» **YOUR ASSIGNMENT**: Starting at the line with "Box.$450Santa Ana, CA" and ending at the line with "with other elements.", print exactly the lines of the entries below. Pictures do not belong in the copy.

» **RECORDS SHOWN**:
────

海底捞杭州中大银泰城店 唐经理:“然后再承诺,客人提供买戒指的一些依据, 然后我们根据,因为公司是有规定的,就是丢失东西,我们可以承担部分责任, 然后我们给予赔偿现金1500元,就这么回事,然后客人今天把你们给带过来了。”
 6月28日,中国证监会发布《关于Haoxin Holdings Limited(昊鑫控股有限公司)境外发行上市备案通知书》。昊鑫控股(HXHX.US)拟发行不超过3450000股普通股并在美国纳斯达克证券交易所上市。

────

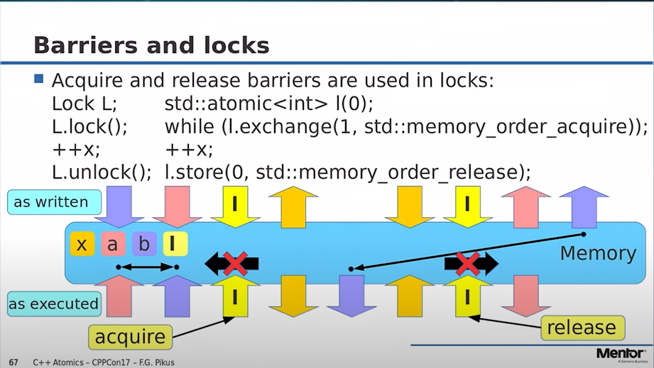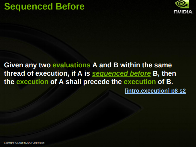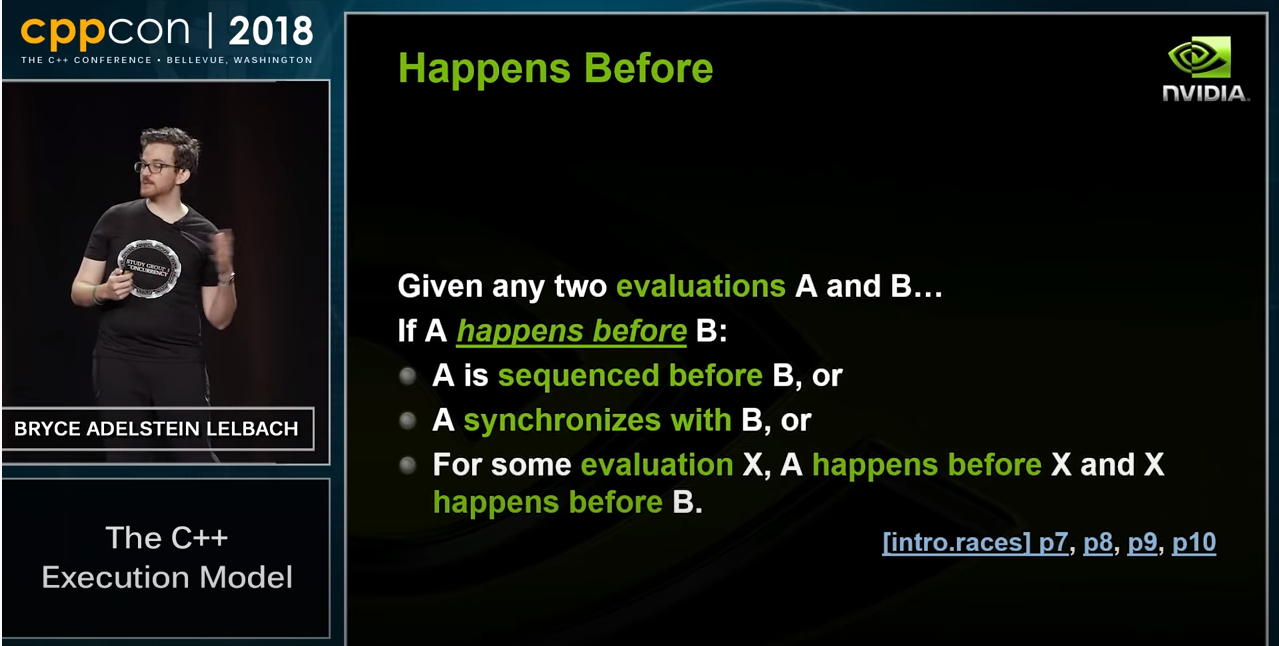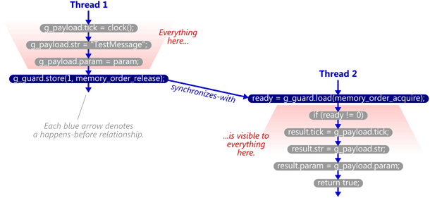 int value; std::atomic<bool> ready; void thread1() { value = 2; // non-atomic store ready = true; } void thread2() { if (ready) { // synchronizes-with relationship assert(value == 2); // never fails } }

────

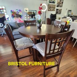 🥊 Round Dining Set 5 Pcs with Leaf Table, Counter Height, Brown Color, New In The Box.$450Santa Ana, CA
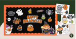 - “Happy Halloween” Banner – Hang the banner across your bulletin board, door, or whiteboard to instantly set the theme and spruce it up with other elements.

────

» **ANSWER SECTION**:
 🥊 Round Dining Set 5 Pcs with Leaf Table, Counter Height, Brown Color, New In The Box.$450Santa Ana, CA
 - “Happy Halloween” Banner – Hang the banner across your bulletin board, door, or whiteboard to instantly set the theme and spruce it up with other elements.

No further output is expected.